Les jeunes au soutien du marché immobilier (Baromètre Optimhome-Ipsos 2026)
Le baromètre Optimhome-Ipsos 2026 met en lumière le rôle moteur des jeunes acquéreurs sur le marché de l’immobilier, contribuant à y soutenir l’activité. Autre conclusion de l’étude : le rôle clé que jouent les agents immobiliers sur le marché de la transaction, même si leur image s’est légèrement détériorée, ces derniers mois, auprès de nos compatriotes.
La résilience du marché immobilier est portée par les jeunes (25-34 ans). C’est la première conclusion du baromètre Ipsos (1) réalisée, une nouvelle fois cette année, pour le réseau de mandataires Optimhome (1 700 conseillers et plus de 6 000 transactions réalisées en 2025)
Alors que, globalement, les intentions d’achats immobiliers des Français baissent de 3 points par rapport aux résultats du baromètre 2025 (soit 17 % au total) sous l’effet des incertitudes géopolitiques et économiques, celles des jeunes affichent 27 %.
Au final, 21 % des 25-34 ans ont acheté une résidence principale vs. 14 % de le population totale au cours des trois dernières années.

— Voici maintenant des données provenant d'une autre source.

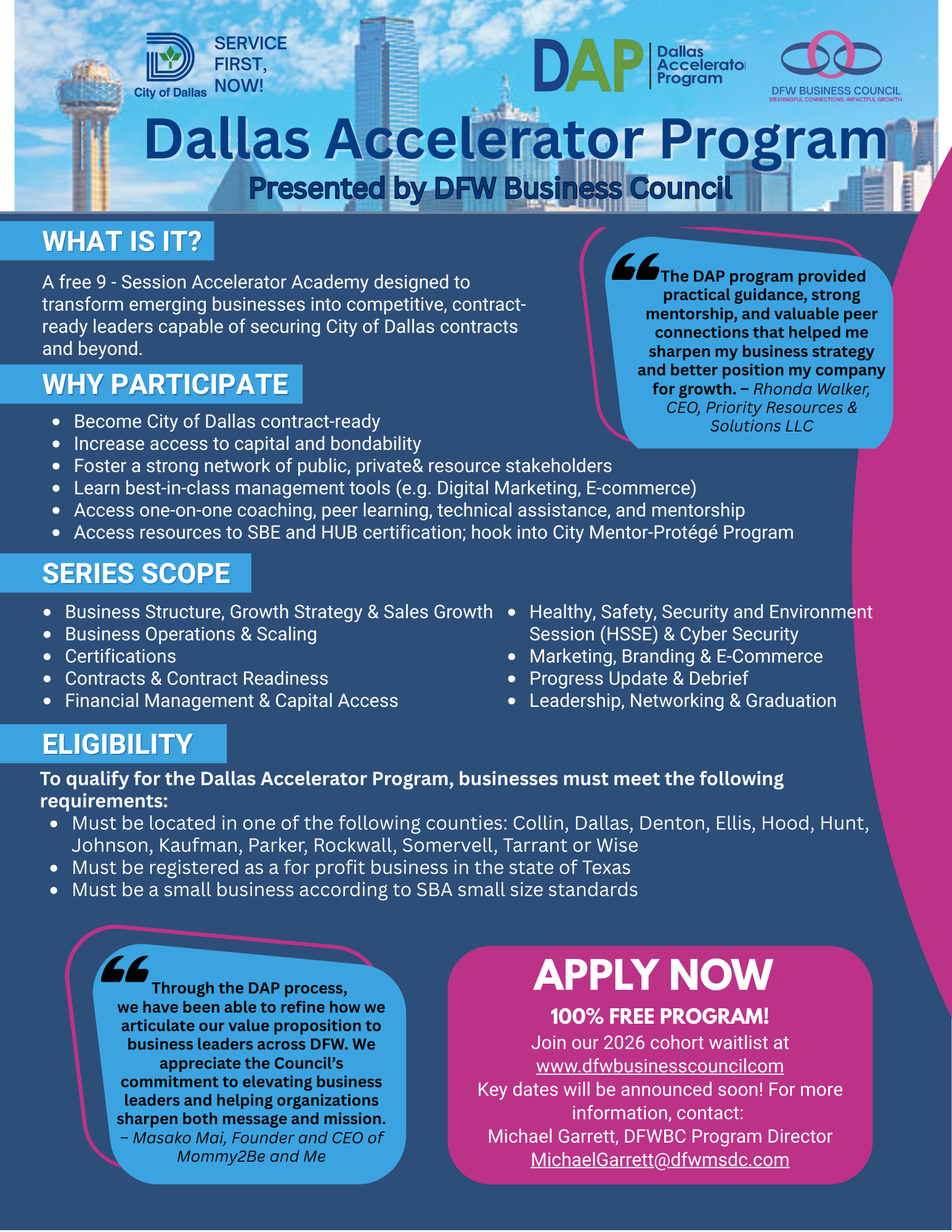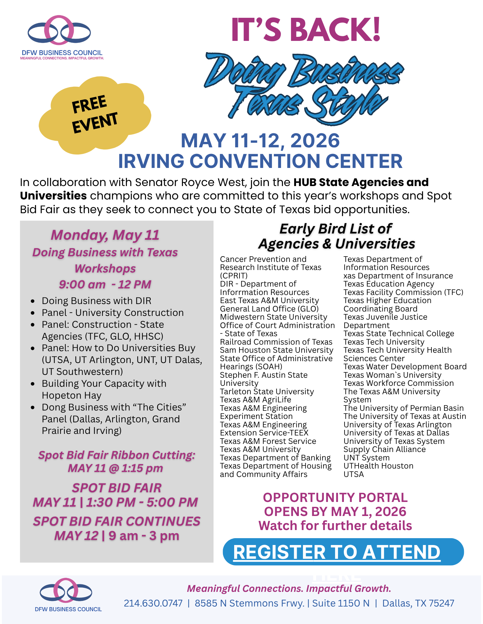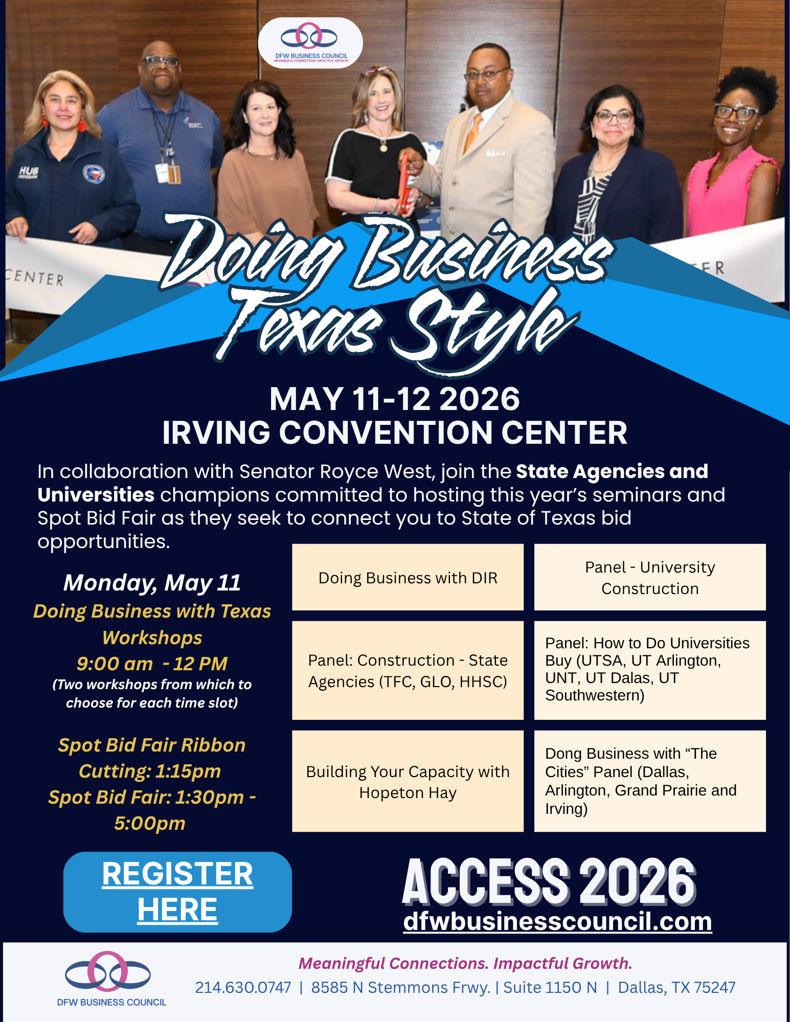 Since the Acting Comptroller’s emergency rules recently decertified over 15,000 minority- and women-owned businesses (as of early 2026), the DFW Business Council is working with partners to reinstate the State of Texas HUB program for minority- and women-owned businesses. We are working to restore equitable access to state procurement. Businesses right to compete for state contracts shouldn’t be sidelined.

Malgré cette baisse globale des projections d’achats des Français pour une résidence principale, ils considèrent toujours l’immobilier comme le placement le plus sûr et le plus rentable.

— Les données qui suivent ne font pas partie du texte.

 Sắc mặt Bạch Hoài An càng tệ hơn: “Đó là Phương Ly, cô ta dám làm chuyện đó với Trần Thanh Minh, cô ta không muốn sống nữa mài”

« L’investissement locatif demeure ainsi le premier choix pour se constituer un patrimoine durable, s’imposant comme le bouclier patrimonial privilégié face aux placements financiers », observe le baromètre.
Un recours accru au crédit et un enjeu croissant de solvabilité
Pour financer leur achat immobilier, les Français ont massivement recours au crédit : soit pour 81 % d’entre eux, en progression de 5 points par rapport à 2025. Chez les jeunes, cette proportion atteint 94 %. L’étude révèle également que 50 % des emprunteurs s’engagent sur des crédits dont la durée va au-delà de 20 ans.

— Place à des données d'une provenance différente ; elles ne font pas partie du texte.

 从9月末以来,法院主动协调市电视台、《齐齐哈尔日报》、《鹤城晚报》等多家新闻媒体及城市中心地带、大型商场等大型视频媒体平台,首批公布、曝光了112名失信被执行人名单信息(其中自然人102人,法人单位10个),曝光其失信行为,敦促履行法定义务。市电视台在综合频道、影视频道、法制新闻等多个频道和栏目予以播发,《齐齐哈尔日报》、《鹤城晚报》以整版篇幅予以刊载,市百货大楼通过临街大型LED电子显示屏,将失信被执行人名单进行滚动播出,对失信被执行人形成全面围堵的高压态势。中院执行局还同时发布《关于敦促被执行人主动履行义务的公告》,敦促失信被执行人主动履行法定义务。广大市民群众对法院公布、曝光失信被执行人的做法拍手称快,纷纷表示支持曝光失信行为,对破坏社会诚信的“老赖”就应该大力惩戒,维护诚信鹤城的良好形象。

A noter que la solvabilité des potentiels acquéreurs est un enjeu croissant pour les vendeurs. « Sécuriser le financement est devenu un critère de sélection prioritaire pour les vendeurs, devançant parfois le prix de vente dans la décision finale », est-il précisé dans le baromètre.
Des parcours de recherche de plus en plus hybrides
Pour trouver un bien immobilier, la recherche d’informations « passe par une variété croissante de sources », notent les auteurs de l’étude.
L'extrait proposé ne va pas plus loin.